Yes it can reduce the maximun temperature of the supply water.
However the total amount of BTU's produced and delivered will be the same.
Remember we do not heat with btu's, yeah I know simplifying this but just follow, we heat with hot water. Water temp is what is important. Let's say we need water flowing at 180f to heat the home @ 0 degrees. The boiler doe output is 100,000. If we move 10 gallons of water through the boiler we will be at a 20f delta - T. We add 20f water temp as the water passes through the boiler. Slow the water down to 5 gpm, a 40f delta T hotter water at a lower flow rate and raise the water temp by 40f as it passes through the boiler.
Both examples the boiler put in the same amount of btu's but split it up into more gallons on the 20f delta-T.

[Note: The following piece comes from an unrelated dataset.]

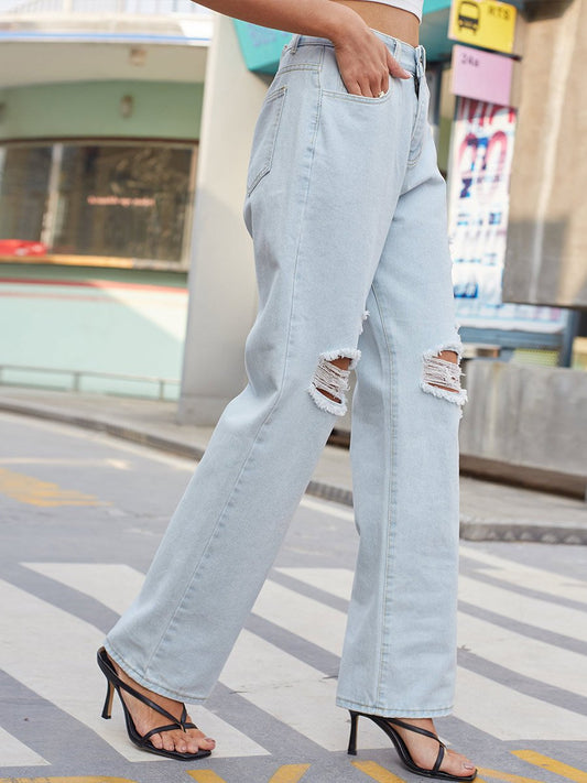 Jean déchiré décontracté de couleur claire pour femmePrix habituel £26.00Prix habituelPrix unitaire par-

Now let's look at the system.
Move 4 gpm of 120f water from the 100k boiler we will get less heat from the radiation than the same flow of 180f water. Radiation works on water temp and flow. Same btu input but higher water temp will give off more heat in the system. With p/s you will end up with the same water temp leaving the supply tee after mix with a 20f delta-T or a 40f delta-T from boiler and blending with the return water from the system.
Again higher water temp to radiation gets more heat to the room however we need to make that happen. Slower the water goes through the boiler the hotter the water but less flow to system. Increase flow to system and increase heat output as long as the water temp is high enough to get the proper heat into the room.
I also agree that the manifold piping should be at least 1-1/4" all the way through and reduce to the separate zones.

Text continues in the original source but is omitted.